Sample Paper For Above instruction

The case under review involves a 28-year-old male patient presenting with auditory hallucinations, paranoid delusions, social withdrawal, and disorganized speech over the past six months. The patient's chief complaints include hearing voices commenting on his actions, believing others are plotting against him, and withdrawing from social interactions. These symptoms have progressively worsened, severely impairing his occupational and social functioning. The patient reports minimal insight into his condition, yet expresses concern about his declining performance at work and increasing isolation.

During the psychiatric assessment, the clinician observed disheveled appearance, paranoid affect, tangential speech, and some disorganized thought processes. The patient's mood was euthymic but with evident idea of reference and persecutory themes. His speech was pressured at times, with tangentiality and flight of ideas. No evident suicidal or homicidal ideation was present, but the patient appeared suspicious of the clinician's intentions, maintaining that he couldn't trust anyone. The mental status examination supported the presence of psychosis, with notable deficits in reality testing.

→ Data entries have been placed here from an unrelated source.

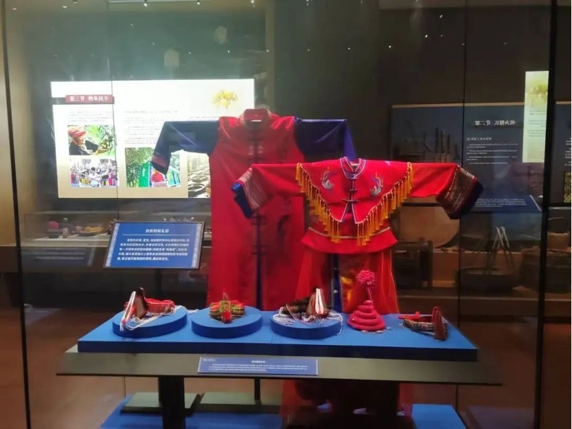 二层则系统呈现“畲族概况”“民俗民风”“生产生活”三大主题。馆藏丰富多元,涵盖彩带、银饰等精美手工艺品,各类生产生活工具,地方土特产,族谱仿制品,畲族男女及儿童传统服装,特色文创产品,并辅以电子屏及交互装置等现代化手段。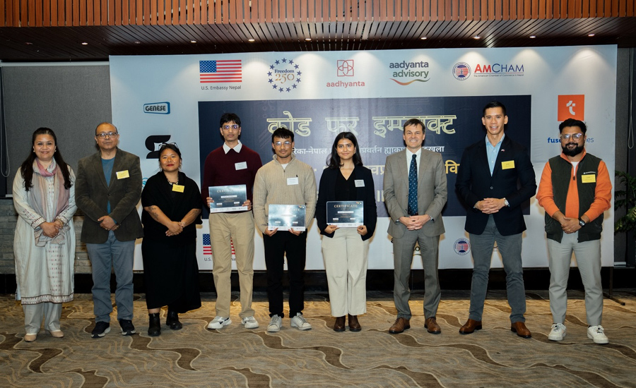 Generated by OK AI. Editorially reviewed.- देशव्यापी 'कोड फर इम्प्याक्ट : यूएस नेपाल टेक इनोभेसन ह्याकाथन' को प्रादेशिक चरण काठमाडौँमा सम्पन्न भएको छ।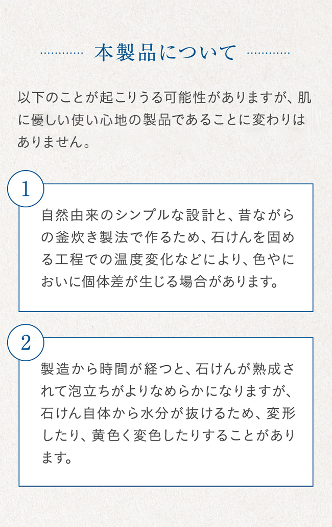 ※石油系合成界面活性剤、パラベン等(防腐剤)を含む旧表示指定成分、合成香料、合成着色料、鉱物油(パラフィン等)不使用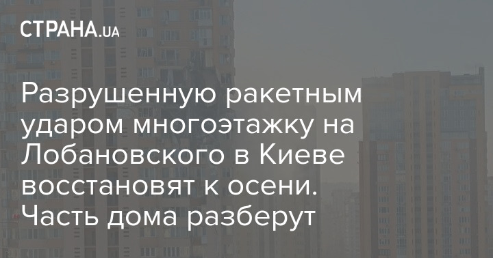 КГГА планирует до середины осени восстановить многоэтажный дом на проспекте Лобановского в Киеве, в который попала российская ракета на третий день полномасштабного вторжения. В нем также придется разобрать верхние этажи.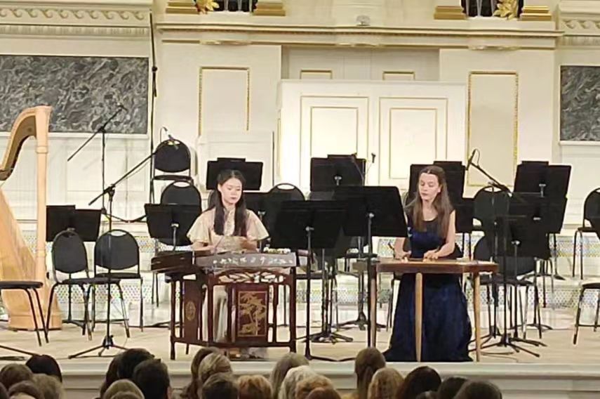 近日,由圣彼得堡作曲家协会主办的“第15届古弦新韵多弦民族乐器国际比赛暨国际艺术节”在俄罗斯圣彼得堡举行。本次艺术节邀请了包括中国、白俄罗斯等多国的民族多弦乐器演奏家,演奏了包括扬琴、古筝、箜篌、巴拉莱卡、辛巴利、古斯里琴等乐器。国乐系扬琴教师徐艺芳与学生尤煊颍受邀参加。尤煊颍还作为此次国际赛事获奖选手,参演了在卡佩拉音乐厅举办的两场音乐会,以扬琴协奏、独奏、重奏多种形式,展现中国扬琴艺术的独特风采和丰富表现力。

The differential diagnoses considered include Schizophrenia, Schizoaffective Disorder, and Substance-Induced Psychosis. DSM-5 criteria for schizophrenia require two or more characteristic symptoms—such as hallucinations, delusions, disorganized speech—persisting for at least six months, with at least one month of active-phase symptoms. The presence of persistent hallucinations and delusions fits this diagnosis, and the duration aligns with DSM criteria. Schizoaffective disorder was considered because of mood-related symptoms, but the absence of mood disorder episodes concurrent with psychosis makes this less likely. Substance-induced psychosis was ruled out due to the patient's denial of drug use and no evidence of intoxication or withdrawal signs during assessment.

The critical-thinking process involved evaluating symptom onset, duration, and impact, in conjunction with DSM-5 criteria. The chronicity and characteristic presentation support a primary diagnosis of schizophrenia. Pertinent positives include auditory hallucinations, paranoid delusions, and disorganized speech, while negatives such as lack of mood disorder episodes and absence of substance use histories helped rule out other diagnoses.

If conducting the session again, I would employ a more in-depth exploration of substance use history and include collateral information from family members or significant others to corroborate subjective reports. Ethically, it is important to consider the patient's autonomy, especially if their insight is impaired. Legal considerations include potential involuntary commitment if risk to self or others escalates. Culturally competent care entails understanding the patient’s cultural background, which may influence symptom expression and interpretation, requiring tailored communication and engagement strategies. Health promotion would involve psychoeducation about the illness, early intervention to prevent relapse, and social support planning, considering socioeconomic barriers that may impede access to care.

References

  • American Psychiatric Association. (2013). Diagnostic and statistical manual of mental disorders (5th ed.).
  • Mueser, K. T., & McGurk, S. R. (2004). Schizophrenia. The Lancet, 363(9426), 2063-2072.
  • Heinrichs, D., & Buchanan, R. (2020). Psychosis and Schizophrenia: Clinical Features and Assessment. New York: Oxford University Press.
  • Jongsma, A. E., & Yung, A. R. (2015). Early intervention in psychosis. Psychiatry, 81(6), 454-461.
  • Green, M. F. (2016). Cognitive deficits and functional outcome in schizophrenia and bipolar disorder. Journal of Clinical Psychiatry, 77(8), e1027–e1032.